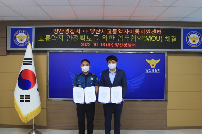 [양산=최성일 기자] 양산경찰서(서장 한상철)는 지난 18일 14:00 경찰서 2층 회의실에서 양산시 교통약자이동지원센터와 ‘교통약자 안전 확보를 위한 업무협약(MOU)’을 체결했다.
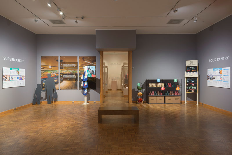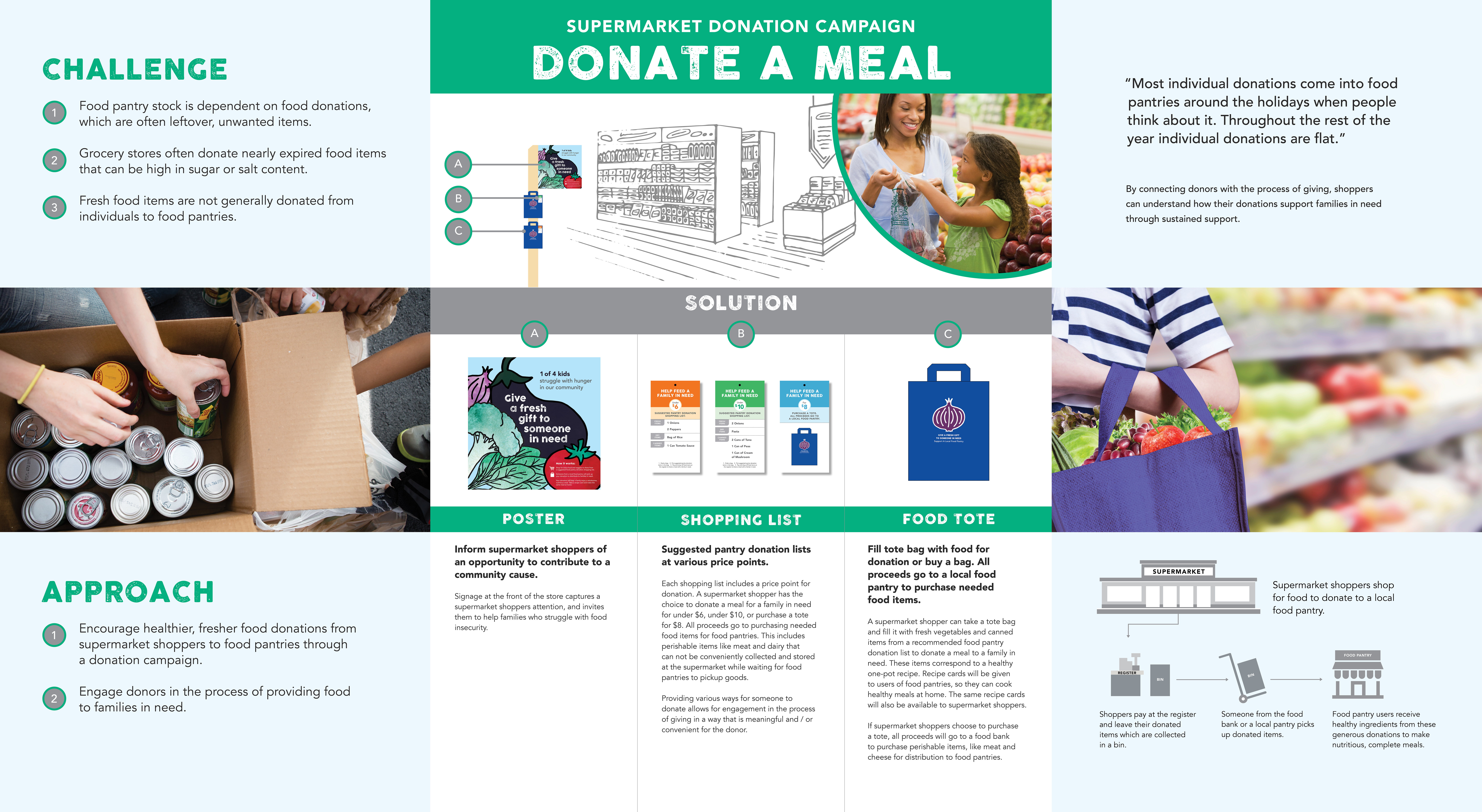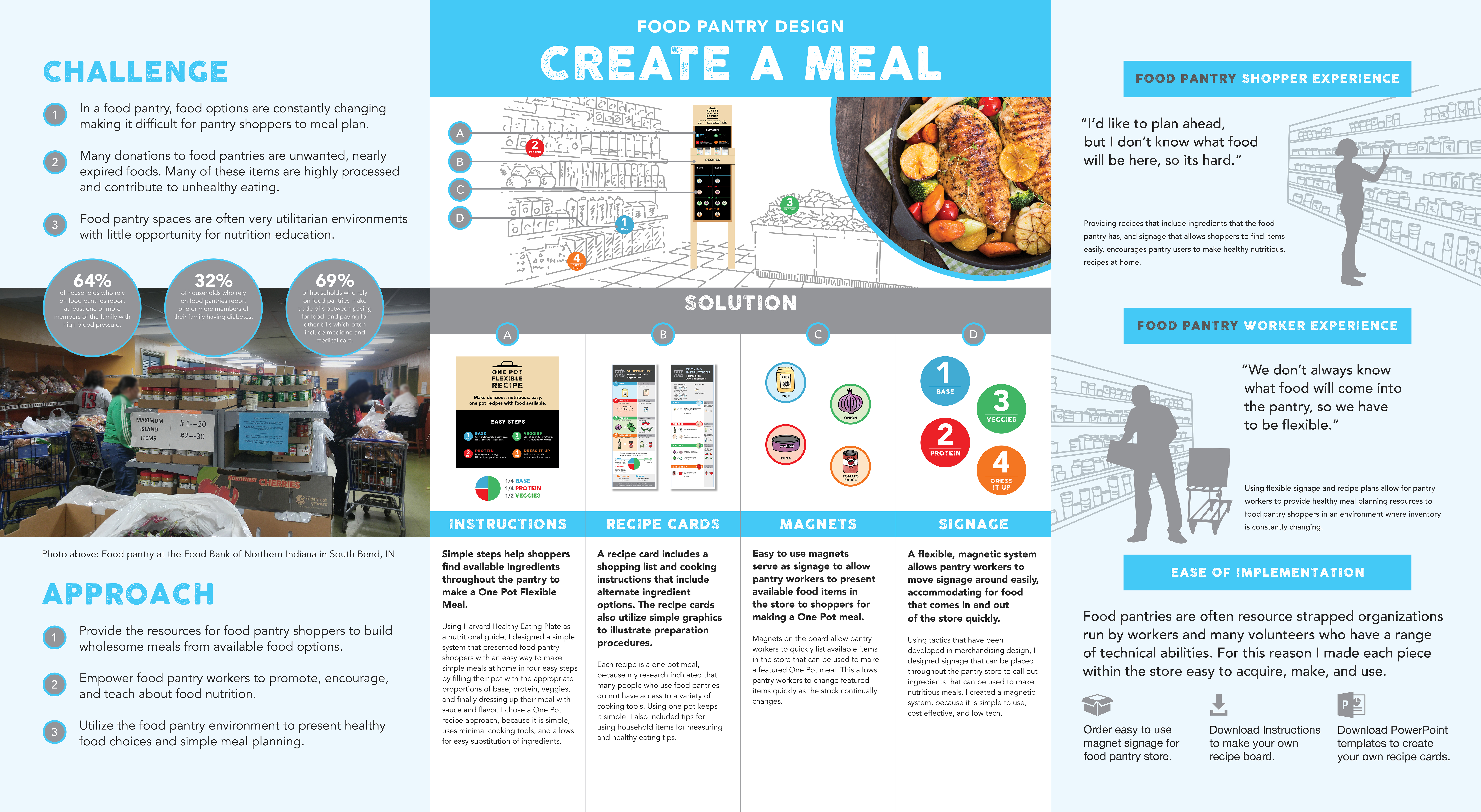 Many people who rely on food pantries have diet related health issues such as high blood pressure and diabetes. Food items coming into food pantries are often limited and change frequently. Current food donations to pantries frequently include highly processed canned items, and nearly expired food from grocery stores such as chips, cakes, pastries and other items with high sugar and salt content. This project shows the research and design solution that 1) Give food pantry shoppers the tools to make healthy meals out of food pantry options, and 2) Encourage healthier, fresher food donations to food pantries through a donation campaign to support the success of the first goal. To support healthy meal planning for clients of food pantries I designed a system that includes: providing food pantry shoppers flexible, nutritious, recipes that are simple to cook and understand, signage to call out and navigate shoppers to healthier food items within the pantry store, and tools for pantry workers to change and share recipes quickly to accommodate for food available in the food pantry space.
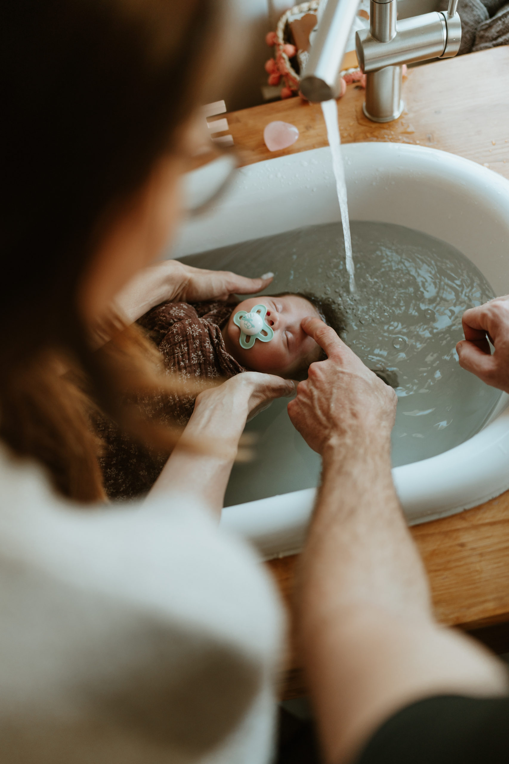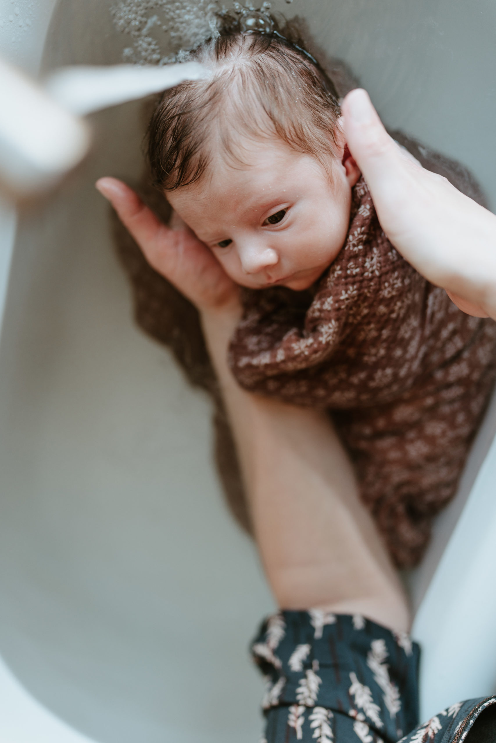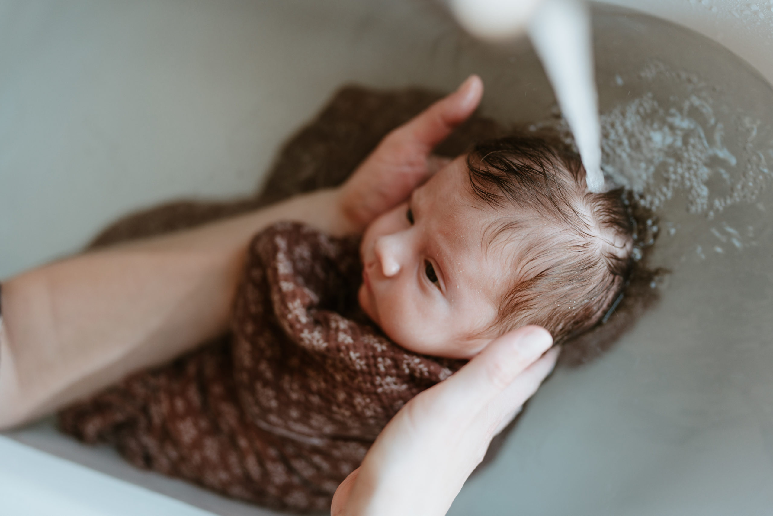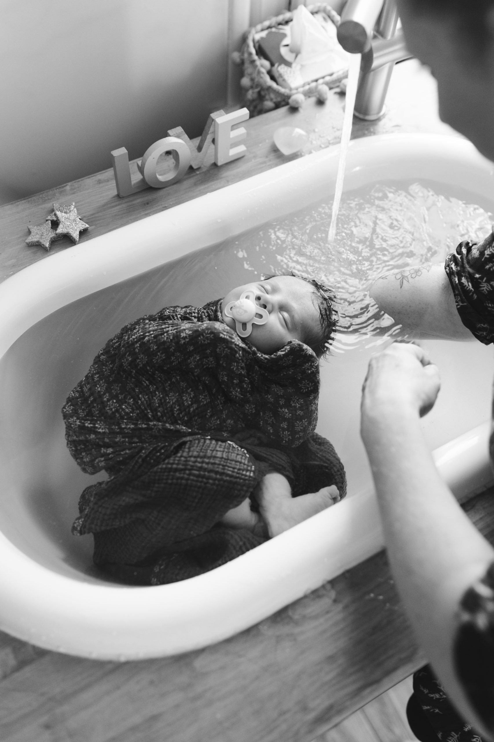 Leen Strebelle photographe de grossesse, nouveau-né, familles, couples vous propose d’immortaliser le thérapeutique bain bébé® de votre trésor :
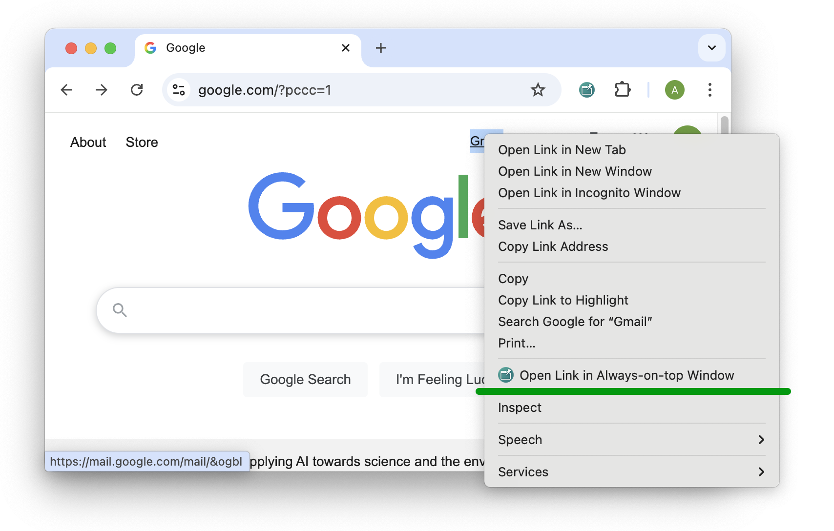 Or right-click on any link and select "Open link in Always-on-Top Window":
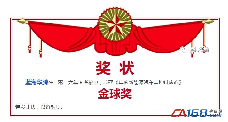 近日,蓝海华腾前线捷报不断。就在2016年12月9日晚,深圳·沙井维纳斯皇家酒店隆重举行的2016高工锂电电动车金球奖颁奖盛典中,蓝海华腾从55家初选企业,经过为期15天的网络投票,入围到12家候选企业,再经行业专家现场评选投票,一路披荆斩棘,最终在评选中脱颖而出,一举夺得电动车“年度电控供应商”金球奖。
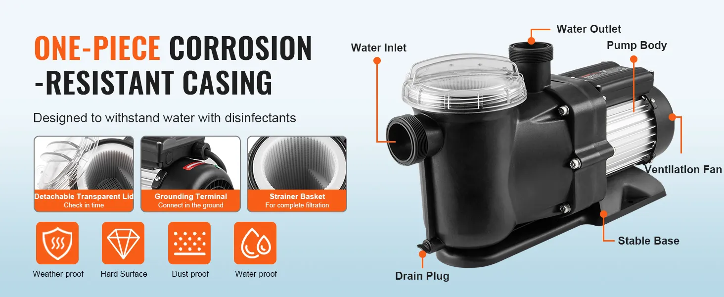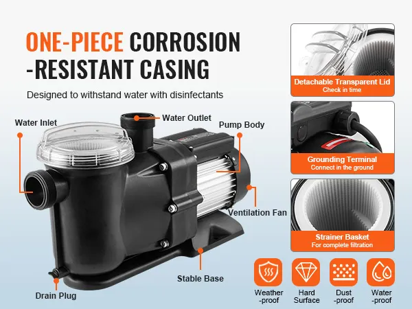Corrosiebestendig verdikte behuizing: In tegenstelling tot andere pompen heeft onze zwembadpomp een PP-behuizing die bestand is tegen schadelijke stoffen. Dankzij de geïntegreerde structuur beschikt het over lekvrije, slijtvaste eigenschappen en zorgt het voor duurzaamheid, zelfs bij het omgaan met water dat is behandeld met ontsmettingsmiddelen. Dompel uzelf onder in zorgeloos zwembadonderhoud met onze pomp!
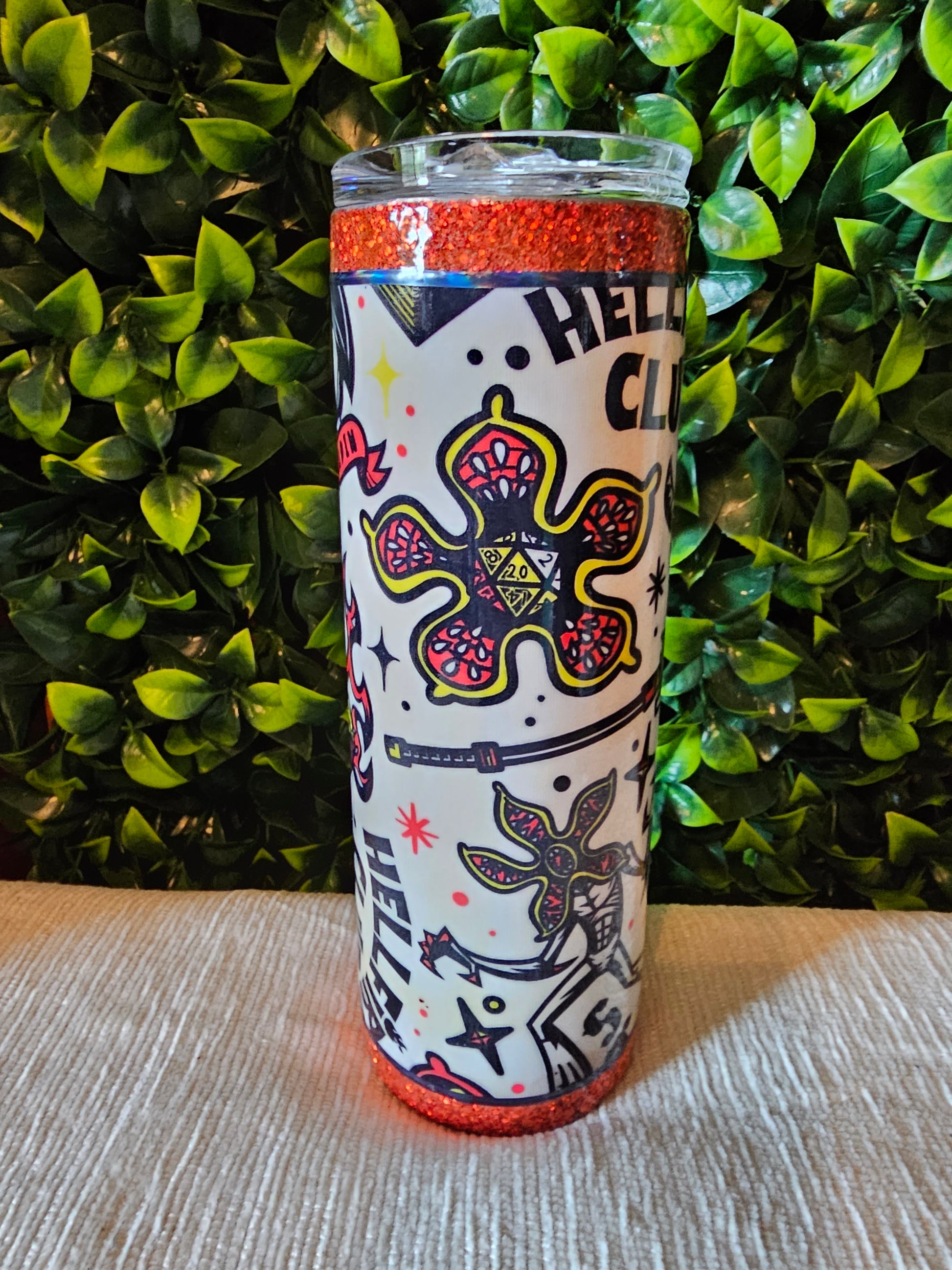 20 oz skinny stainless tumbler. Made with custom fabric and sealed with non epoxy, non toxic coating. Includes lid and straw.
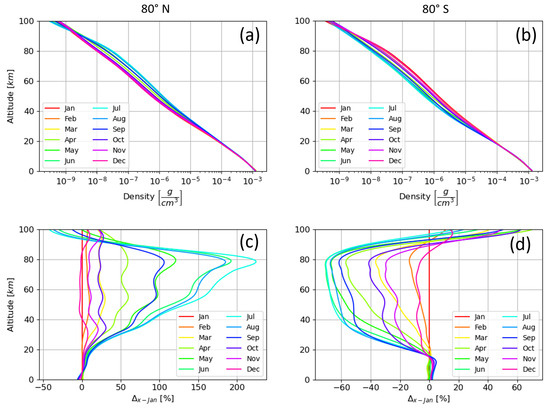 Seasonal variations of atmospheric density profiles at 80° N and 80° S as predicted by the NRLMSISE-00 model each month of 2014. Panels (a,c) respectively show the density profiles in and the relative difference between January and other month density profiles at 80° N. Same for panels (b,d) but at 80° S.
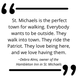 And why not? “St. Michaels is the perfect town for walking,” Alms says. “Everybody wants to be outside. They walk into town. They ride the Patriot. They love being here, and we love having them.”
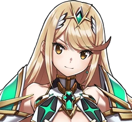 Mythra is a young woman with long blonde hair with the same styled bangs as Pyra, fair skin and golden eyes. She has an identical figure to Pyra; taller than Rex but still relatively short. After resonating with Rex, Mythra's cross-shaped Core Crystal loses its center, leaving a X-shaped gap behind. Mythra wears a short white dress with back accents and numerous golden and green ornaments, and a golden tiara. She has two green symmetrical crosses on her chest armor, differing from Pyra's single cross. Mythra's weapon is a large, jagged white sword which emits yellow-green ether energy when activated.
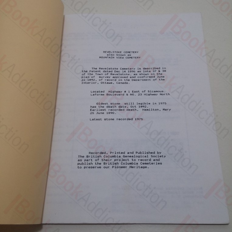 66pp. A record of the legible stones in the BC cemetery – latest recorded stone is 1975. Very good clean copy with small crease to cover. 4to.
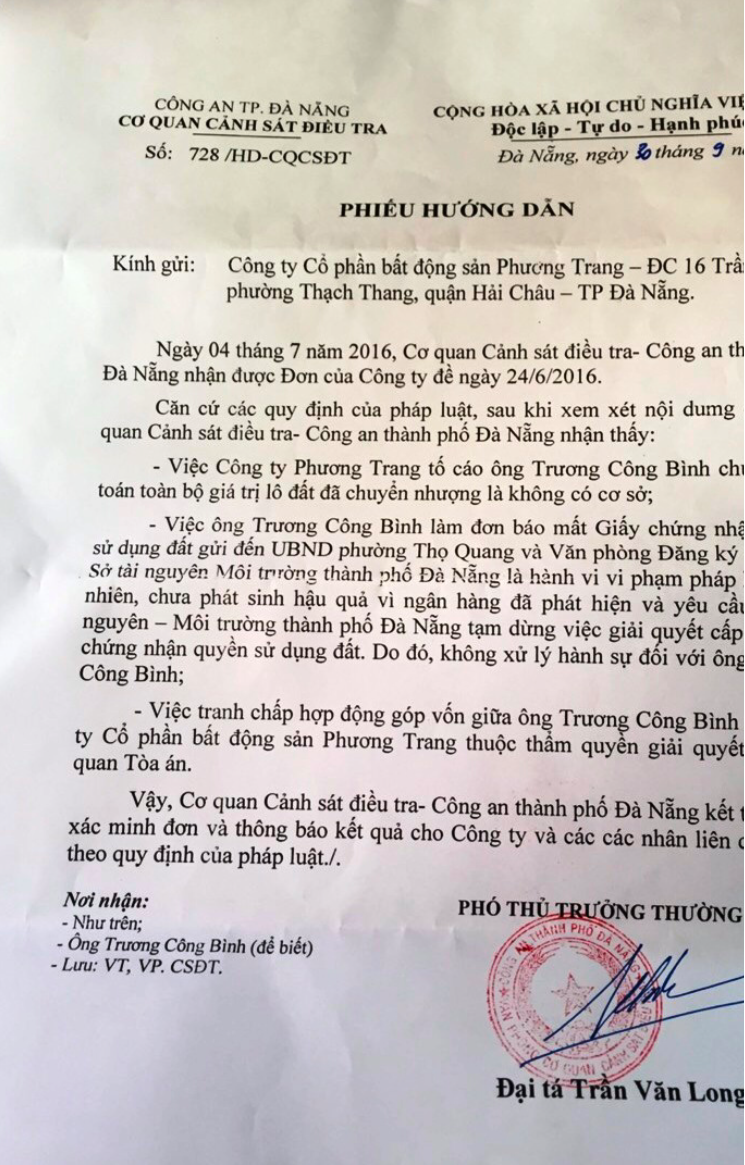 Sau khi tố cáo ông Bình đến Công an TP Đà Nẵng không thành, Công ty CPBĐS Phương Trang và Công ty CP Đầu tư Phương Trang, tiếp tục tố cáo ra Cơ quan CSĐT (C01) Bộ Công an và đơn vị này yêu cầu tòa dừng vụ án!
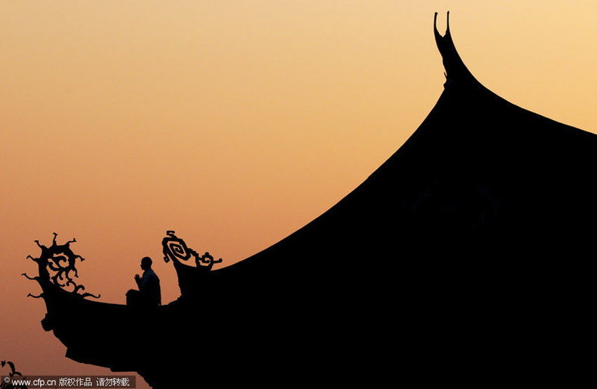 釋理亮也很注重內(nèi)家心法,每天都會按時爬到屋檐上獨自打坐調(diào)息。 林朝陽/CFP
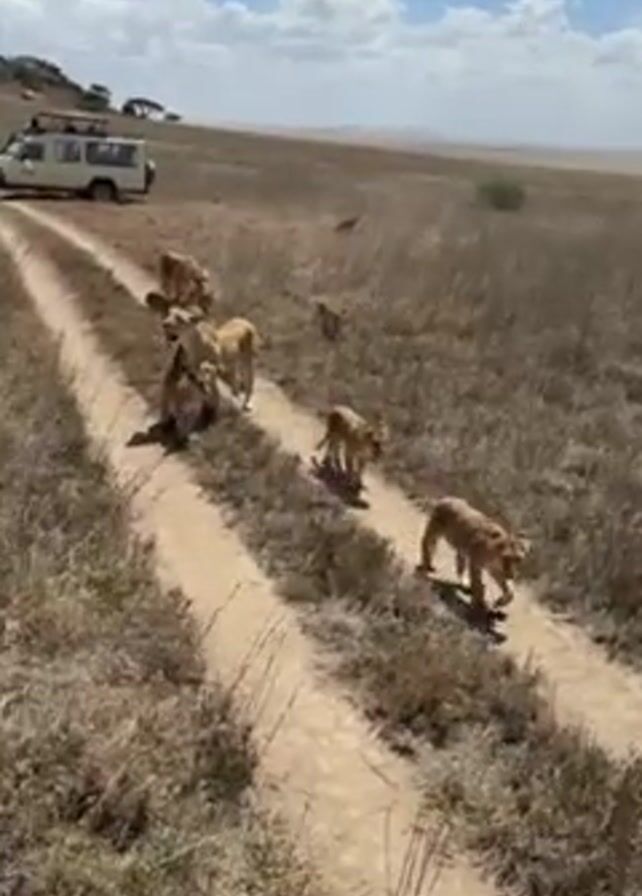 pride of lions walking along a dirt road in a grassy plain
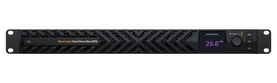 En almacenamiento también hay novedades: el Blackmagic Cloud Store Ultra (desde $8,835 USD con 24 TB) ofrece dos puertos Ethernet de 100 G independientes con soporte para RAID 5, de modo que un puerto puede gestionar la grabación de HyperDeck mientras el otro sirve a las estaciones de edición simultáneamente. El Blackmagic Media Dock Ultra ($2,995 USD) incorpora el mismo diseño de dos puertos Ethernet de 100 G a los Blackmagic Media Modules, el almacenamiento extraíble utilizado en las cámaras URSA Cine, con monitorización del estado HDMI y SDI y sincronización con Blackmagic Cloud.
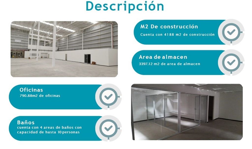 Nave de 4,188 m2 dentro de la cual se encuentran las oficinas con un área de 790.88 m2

———

* **Prompt**
Leave out the images and write out the lines above exactly, from the one with "Sau khi tố cáo" up to and including the one with "pride of lions".

* **Answer section**
 Sau khi tố cáo ông Bình đến Công an TP Đà Nẵng không thành, Công ty CPBĐS Phương Trang và Công ty CP Đầu tư Phương Trang, tiếp tục tố cáo ra Cơ quan CSĐT (C01) Bộ Công an và đơn vị này yêu cầu tòa dừng vụ án!
 釋理亮也很注重內(nèi)家心法,每天都會按時爬到屋檐上獨自打坐調(diào)息。 林朝陽/CFP
 pride of lions walking along a dirt road in a grassy plain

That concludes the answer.